[Bioc-devel] IPI numbers in annotation packages
Hi Marc,
That script has this in it:
## For now just get data for the ones that we have traditionally supported
## I don't even know if the other species are available...
speciesList = c("chipsrc_human.sqlite",
"chipsrc_rat.sqlite",
"chipsrc_chicken.sqlite",
"chipsrc_zebrafish.sqlite",
# "chipsrc_worm.sqlite",
# "chipsrc_fly.sqlite",
"chipsrc_mouse.sqlite",
"chipsrc_bovine.sqlite"
# "chipsrc_arabidopsis.sqlite" ## this is available and could be
"activated"
## But to activate arabidopsis, remember you have to pre-add the tables...

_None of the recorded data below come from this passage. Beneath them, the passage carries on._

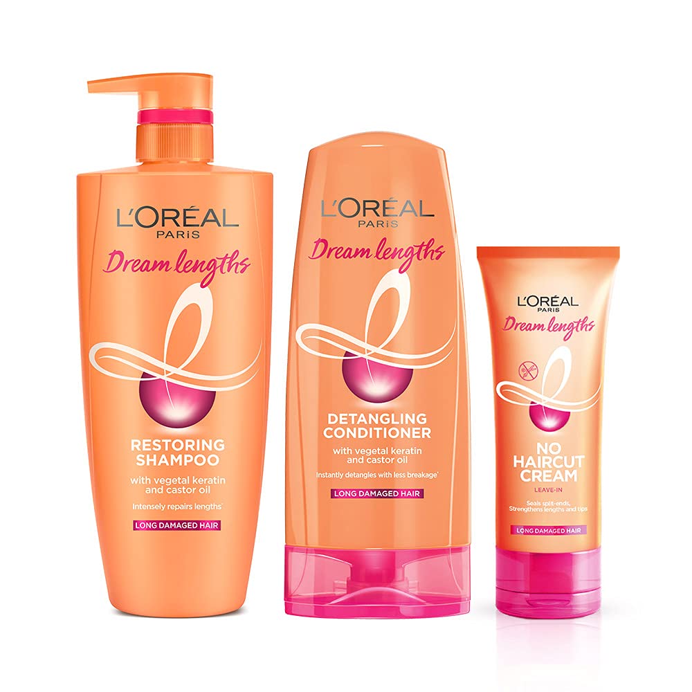 Loreal Paris Dream Lengths Long Hair Dreams Kit (With Restoring Shampoo 704ml + Detangling Conditioner 192.5ml + No haircut Cream Leave In Conditioner 50ml) 946.5ml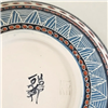 - Tile One: Traditional black-and-white sgraffito imagery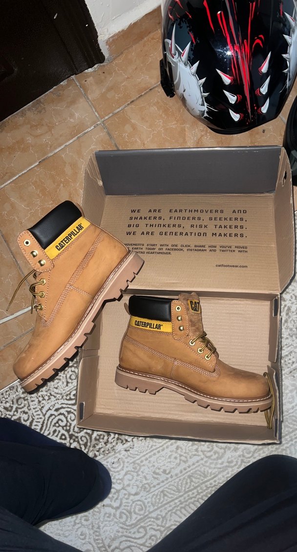 Caterpillar markalı kahverengi deri botlar, desen içermeyen koyu renkte sokak stili sunar. Günlük kullanıma uygun, rahat ve şık bir tasarıma sahiptir.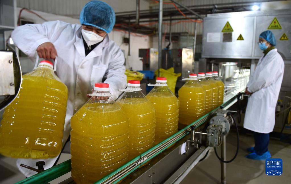 1月6日,滄州市一家糧油企業(yè)的工人在食用油生產(chǎn)線(xiàn)上忙碌。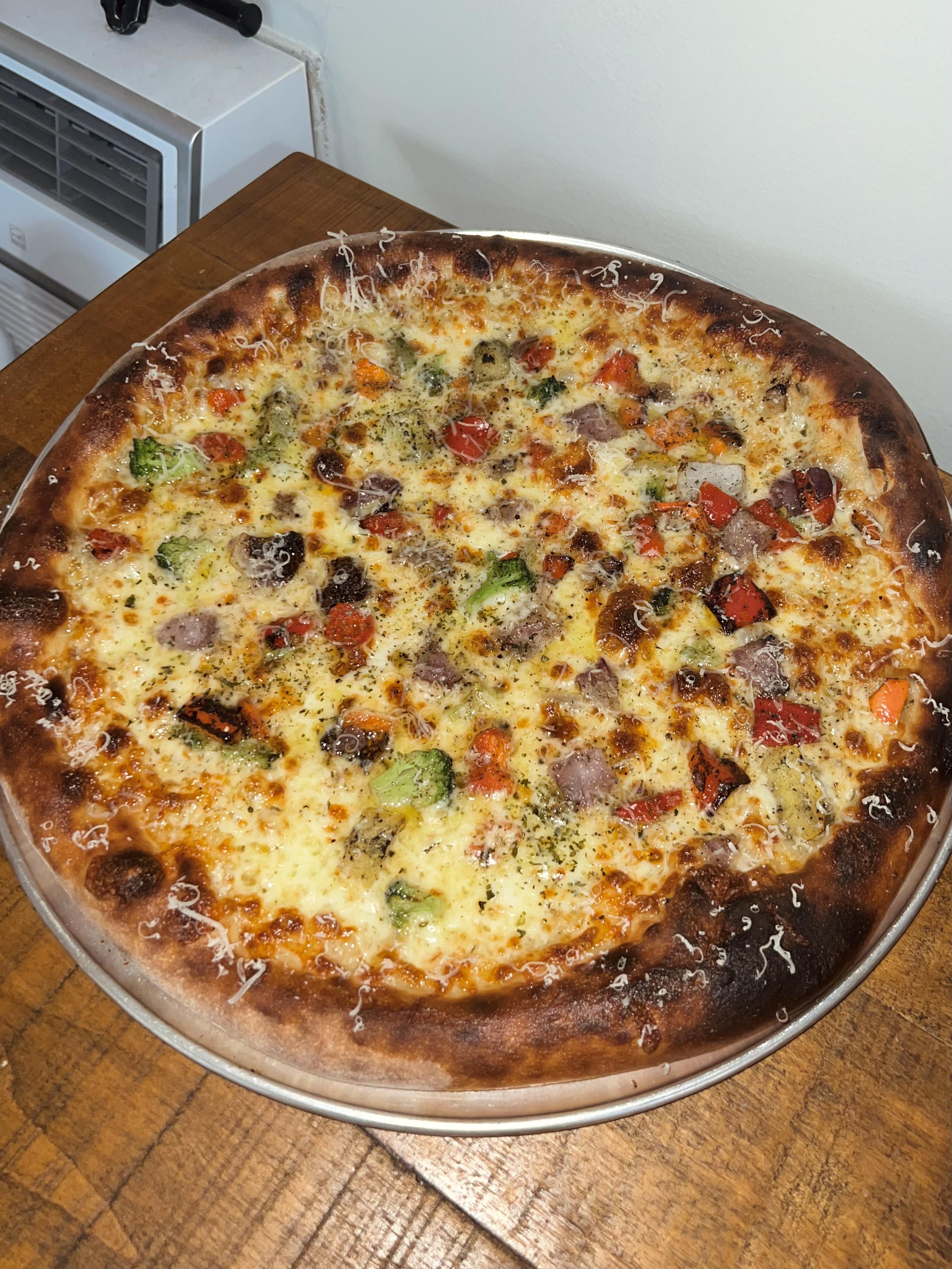 Fire roasted veggies, WMLM mozz, black pepper, EVOO, grater parm post bakeby PlainPies NORMAL OVENpizzaWrite A CommentYou must be logged in to post a comment.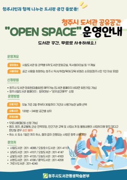 [제주교통복지신문 김강석 기자] 청주시립도서관은 도서관 공간을 시민에게 무료로 빌려주는 공유공간 서비스 ‘OPEN SPACE’를 운영한다고 17일 밝혔다.

# "chipsrc_canine.sqlite",
# "chipsrc_rhesus.sqlite",
# "chipsrc_chimp.sqlite",
# "chipsrc_anopheles.sqlite"
)
And there is no mention of yeast anywhere. If I search all the scripts for
say 'INSERT INTO pfam', I get
custom_anno/script/bindb.sql
328:INSERT INTO pfam
pfam/script/srcdb_pfam.sql
202:-- INSERT INTO pfamb
organism_annotation/script/bindb_yeast.sql
441:-- INSERT INTO pfam
yeast/script/bindb.sql
241:-- INSERT INTO pfam
The first one is just doing all the metadata tables, and the other three
are in code blocks that are commented out. Is it possible that you used a
script that didn't make it into svn?
Jim
On Sun, Oct 4, 2015 at 2:36 PM, Marc Carlson <mrjc42 at gmail.com> wrote:
Hi Jim, You asked me on Friday where the PFAM Ids for yeast came from and I couldn't recall because at the moment I was at Seattle Childrens (and thus nowhere near my copy of my source code). But I also said I would look into it for you later (and I have). Here is what my code tells me: So ever since IPI shut down, we have been getting the PFAM and IPI data from UniProt. There is a script in the UniProt.ws package called processDataForBuild.R that is supposed to be called by the script "src_build.sh" (it's the last thing that script does). That code should get the pfam data from yeast for you. Please note that yeast required a lot of special code to get it processed. Nothing with yeast annotations is ever easy. It's like karmic accounting to compensate for all the bread and beer. ;) Let me know if you need any more explanations about what is in there. Because of the crazy timing, before I left I build I pushed into devel a fresh set of .DB0s and core packages (in late August) just in case it was too crazy to do a refresh right now. But it sounds like you won't need that. Marc On Sun, Oct 4, 2015 at 6:27 AM, James W. MacDonald <jmacdon at uw.edu> wrote:
I am building the annotation db0 packages for the upcoming Bioconductor release, which are used to generate all the orgDb and chip annotation packages that we distribute. Up to the previous release we have always included IPI identifiers (as part of the table containing the PROSITE and PFAM IDs). Unfortunately, IPI <https://www.ebi.ac.uk/IPI> is no longer maintained (since 2011), and UniProt, which is where we got data for the last few releases, has now dropped support as well. Given that this annotation source is no longer maintained, I decided to exclude these IDs from the current build of the following db0 packages: - rat.db0 - chicken.db0 - zebrafish.db0 - mouse.db0 - bovine.db0 - human.db0 In addition, it is not clear to me (nor can Marc recall) where the data for PFAM in the yeast.db0 package comes from. Given that we are pretty far behind schedule for these packages, I have excluded that table as well. If this will break anybody's package, or if there are people who rely on these IDs, I can just parse out of the last release and deprecate, so you will have the IDs for one more release. However, if nobody cares about such things, I will just go with what we have. Please speak up if this will affect you. -- James W. MacDonald, M.S. Biostatistician University of Washington Environmental and Occupational Health Sciences 4225 Roosevelt Way NE, # 100 Seattle WA 98105-6099 [[alternative HTML version deleted]]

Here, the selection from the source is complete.